Do you think great IT performance is achieved through luck or chance? You can bet real money it’s not! High performing organizations have figured out which processes and controls really help them achieve their operational effectiveness and efficiency objectives. They have integrated those processes and controls into how they manage almost every aspect of their daily work, helping them achieve their business goals and find variance before it causes a catastrophic outage, failed change, security incident or something that can impact the customer.
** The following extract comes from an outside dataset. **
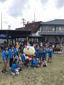 高椋ふれあいまつり会場でふくい桜マラソンのPRをさせてもらったはぴっ!
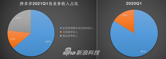 目前,拼多多的营收结构已逐渐明晰,形成以在线营销服务和其他收入为核心收入来源,商品销售收入和交易服务收入为其余两项收入支撑的营收结构。

High performing organizations, as identified by the landmark IT Process Institute® (ITPI) IT Controls Performance Study published in April 2006, are able to achieve these results by implementing and enforcing two controls. These two controls, which every high performer practiced, but none of the medium and low performers did, are:


1. Actively monitor systems for unauthorized change
2. Have defined consequences for intentional, unauthorized changes
These two controls help high performers foster their desired culture of change and causality, and provide a mechanism for key metrics that determine their efficiency and effectiveness. They also make the difference between high performing organizations and those that struggle.
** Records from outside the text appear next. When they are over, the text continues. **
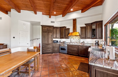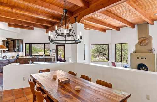 Casa Catalina is your perfect upscale desert getaway. Relax by the pool while taking in the stunning Catalina mountain views. Located on a 1-acre lot, surrounded by the peaceful desert landscape. This desert oasis has gorgeous textures, soaring ceilings with rich wood beams and charming saltillo tile. Newly remodeled, this resort like home’s multiple indoor and outdoor living areas provide you with plenty of space for vacation in the desert sunshine. Spacious Chef’s kitchen with high-end appliances including Viking induction cooktop, Subzero refrigerator and Dacor built-in BBQ. After a fun filled day, gaze at the star-studded night sky, while soaking in the therapeutic heat of the hot tub.
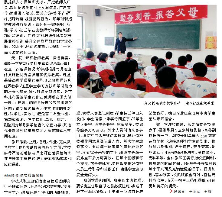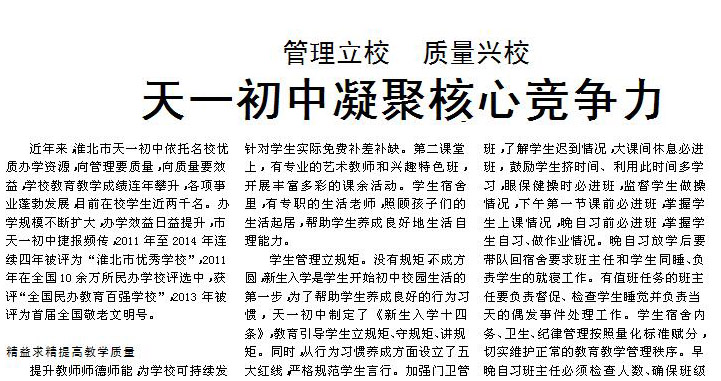 淮北晨刊連續(xù)報導(dǎo):天一初中凝聚核心競爭力
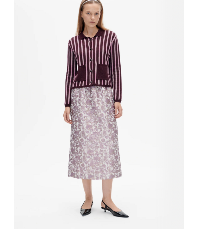 De Sofie rok is een midi-lang ontwerp met een jacquard textuur met metallic draad, die een glans toevoegt aan het silhouet. Het ontwerp heeft een hoge taille voor een flatterende pasvorm en een split aan de achterkant.
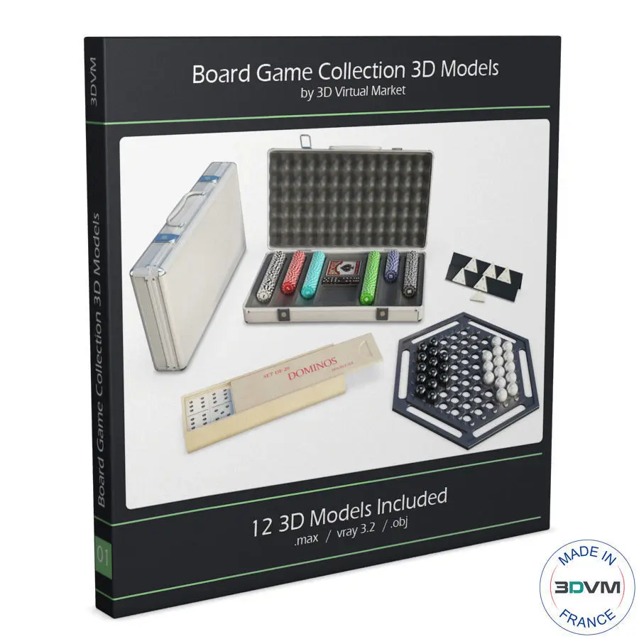 12 3d models are included in the box Board Games Collection:
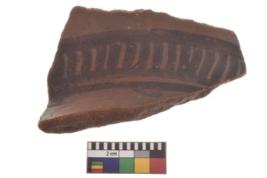 | Description / विवरण | Specimen of black on red ware with decorative geometric Vertical strokes set in two horizontal bands painting. |

The ITPI study, which was conducted in cooperation with Carnegie Mellon University, Florida State University and University of Oregon, identified the key metrics, which I call “Metrics That Matter,” that provide definitive guidance on where to start with IT best practices, and that give the highest rate of performance return for your organization. These metrics have significant impact on your organization’s ability to control system availability, compliance, risk and operational performance. These metrics are Mean Time to Repair, First Fix Rate, Change Success Rate, and Server to System Administration Ratio.

Mean Time to Repair
High performers know that 80% of all outages are due to a change, and that 80% of mean time to repair (MTTR) is spent trying to figure out what changed. Therefore, the first question that high performers ask when a system outage occurs is “What changed?” Contrast this behavior to how low performers work. When a system goes down, the first thing they do is reboot the server in question. If that doesn’t work, they’ll reboot the server next to it. That didn’t work? Reboot all the servers! Still not working? Reboot the firewall.
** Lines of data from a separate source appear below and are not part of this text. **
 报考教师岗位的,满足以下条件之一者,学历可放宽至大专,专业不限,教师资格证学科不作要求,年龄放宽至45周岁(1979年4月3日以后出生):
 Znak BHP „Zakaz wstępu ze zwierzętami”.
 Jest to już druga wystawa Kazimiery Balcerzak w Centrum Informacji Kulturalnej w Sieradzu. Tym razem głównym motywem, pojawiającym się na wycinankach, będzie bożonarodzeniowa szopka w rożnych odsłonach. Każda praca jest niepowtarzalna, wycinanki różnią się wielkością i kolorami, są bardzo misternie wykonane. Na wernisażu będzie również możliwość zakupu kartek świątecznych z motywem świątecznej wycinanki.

The two extremes of diagnosing and resolving outages have a dramatic impact on how quickly the problem will be found and how long the outage will last. It also serves as an incredibly accurate predictor of the processes, procedures and controls the IT organization will have in place. Analyzing the MTTR of the high, medium and low performers revealed some truly startling insights. The following figures show the MTTR of high, medium and low performers for small, medium and large outages.


For small incidents, all performers experienced similar MTTR rates. These are outages that typically require one to three people to fix, and all incidents are usually resolved in 15 minutes or less.


For medium severity outages (requiring up to eight people to fix), there starts to appear a growing difference in MTTR between the three groups. High performers are almost always able to resolve the issue in minutes; medium performers’ resolution times begin creeping into minutes and hours.


In large outages, the differences are significant. High performers again resolve issues in minutes or hours, but medium performers resolve issues in a low number of hours. Low performers resolve issues in a much higher number of hours, sometimes taking even days to fix a problem.


Considering that large incidents are mobilizing somewhere between 25 to 50 people, low performers are sustaining the mobilization of an “all hands on deck” situation for a considerable portion of the workday. The level of disruption that this causes for an IT organization is difficult to overstate. While outages will occur, the frequency of incidents can be reduced, the problems quickly fixed, and the duration of the outage shortened, if change control is avidly practiced and enforced.